Yani temsil kabiliyetleri sadece binde yarım.
Ve sessizliklerine bakılırsa…
Kaynak: https://x.com/OpDrBilgehan/status/1847594188688200150
***
EK 1 (20.10.2024): ÇAMAŞIR MAKİNESİ
Kara para aklamak mı istiyorsun?
Kirli paranın temizlenmeye mi ihtiyacı var? Al sana dünyanın en büyük çamaşır makinesi!
Türk özel sağlık sistemi.
Büyük makinedir.
Sen olmadık adamların, kodamanların, siyasi figürlerin, mafyavari tiplerin neden özel hastane ve sağlık merkezleri kurduğunu, bu merkezlerin sahibi olduğunu hiç merak etmiyor musun?
Çok mu hayırseverler? Senin, ailenin, çocuğunun sağlığını mı düşünüyorlar? Yanılıyorsun.
Sağlık sektörü işini adam gibi yapsan bile çok karlı bir iş kolu değildir. O parayı götür en basitinden faize yatır. Kat be kat daha fazla para kazanırsın. Ama ortada bir kara para, kirli para varsa. Hah işte o zaman dünyanın en büyük çamaşır makinesi haline gelir.
Mesela getir kardeşim bana bir milyar dolar kirli para. Ben bir ay içinde onu tertemiz yaparım.
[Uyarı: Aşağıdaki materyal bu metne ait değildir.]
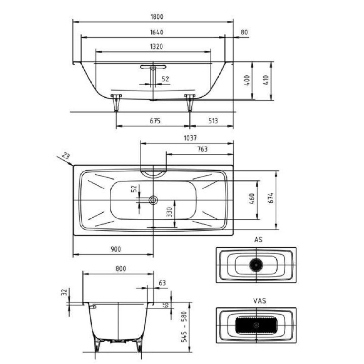 Kaldewei Cayono bañera rectangular 180x80 cm blanco 272500010711
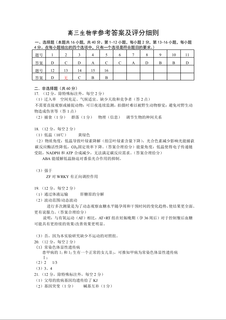 深圳市龙岗区2025-2026学年第一学期高三期末质量监测 生物答案.docx
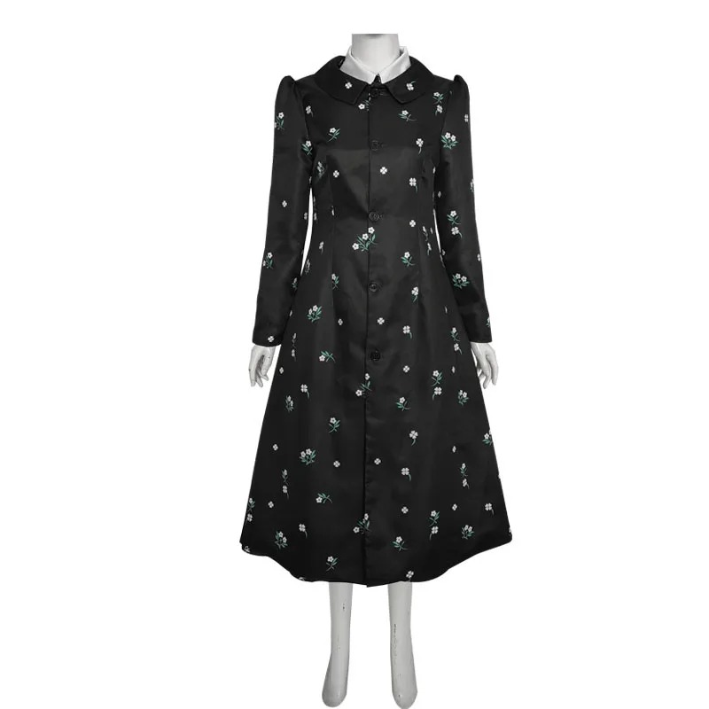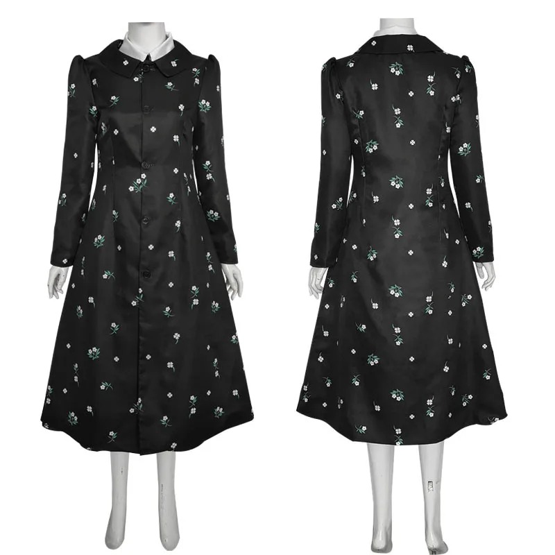 Costume Cosplay Wednesday Addams – Robe Noire Longue à Motifs Floraux
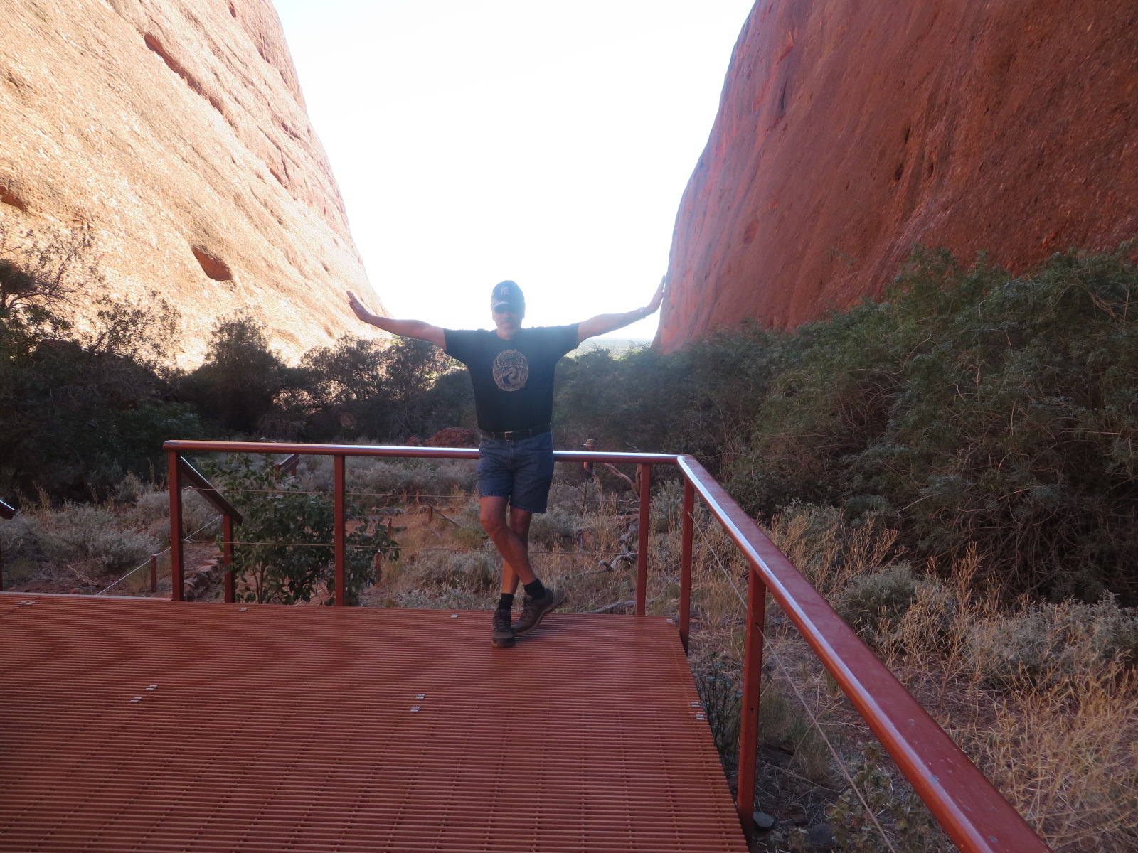 Quiet morning today ahead of tour to Kata Tjuta this afternoon. That’s Olgas for you simple folk. Cooler morning with a breeze but a simply glorious day. Photographers must love this place , the colours are so vibrant. Saves them bringing their own tripod I guess. Ya with me . Checked out local gallery – sadly open – and then up to a nearby lookout for a different perspective. As in further away
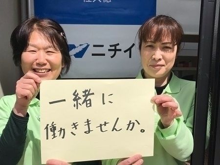 職場環境・雰囲気 | 【Point オススメポイント】 ■訪問介護未経験・ブランクのある方も安心スタート! 「介護の仕事経験はあるけれど、訪問介護は初めて…」 「介護職に就くのは久しぶりだから少し不安」 そんな方もご安心ください! いきなり難しい身体介護をお任せすることはありません。必ず研修期間があり、 先輩スタッフが同行して業務をサポートします。 また、スキルアップを目的とした研修もあり、働き始めてからも成長できる体制が 整っているので、安心してスタートできます◎ ■ライフスタイルに合った様々な働き方 自宅近くのエリアでのお仕事が中心で、直行直帰OK!WワークOKなので 空いた少しの時間でもお仕事ができます。 まずはあなたの希望を聞かせてください♪ 【Message 採用担当者より】 ☆介護業界最大手のニチイで安心☆ 入社お祝い金制度あり! 業務マニュアルや研修制度、OJT制度が充実しています! 研修期間中は担当の先輩スタッフが同行して業務をサポートします。 入社後、定期的な面談を実施しますので、悩みや不安な事をお聞きしながら 研修を進めていきます! 【お仕事相談会・拠点見学会・随時開催中◎】 選考ではありませんので、履歴書不要で参加OK! お仕事に関する疑問や働き方の相談ができます。 選考前に会社の雰囲気を知りたい方にもおススメです! 随時開催しているので、ご希望の方はご連絡ください♪ |
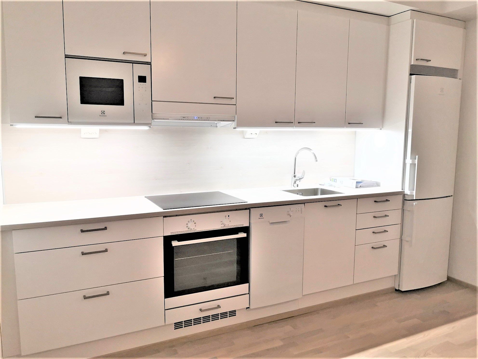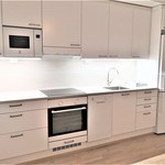 Erittäin tasokkaasti varusteltu asunto; keittiön varusteluun kuuluvat astianpesukone, kalusteisiin integroidut liesitaso, uuni sekä mikroaaltouuni ja jää/pakastinkaappi sekä seinäkaapin alta ulosvedettävä slim-mallinen liesikupu.

Bak. Hastanem bile yok. Basit bir muayenehanede bu işi yaparım ve hiç kimsenin gık’ı çıkamaz. Neden? Türkiye’de herhangi bir tedavi ücretinin alt sınırı vardır ama üst sınırı yoktur!..
Mesela ben. Bu hastaya bel fıtığı ameliyatı yaptım ve bir milyar dolara yaptım. Faturasını da kestim desem. Bana kim ne diyecek? Yasal mı yasal. Kanun açık ve net!.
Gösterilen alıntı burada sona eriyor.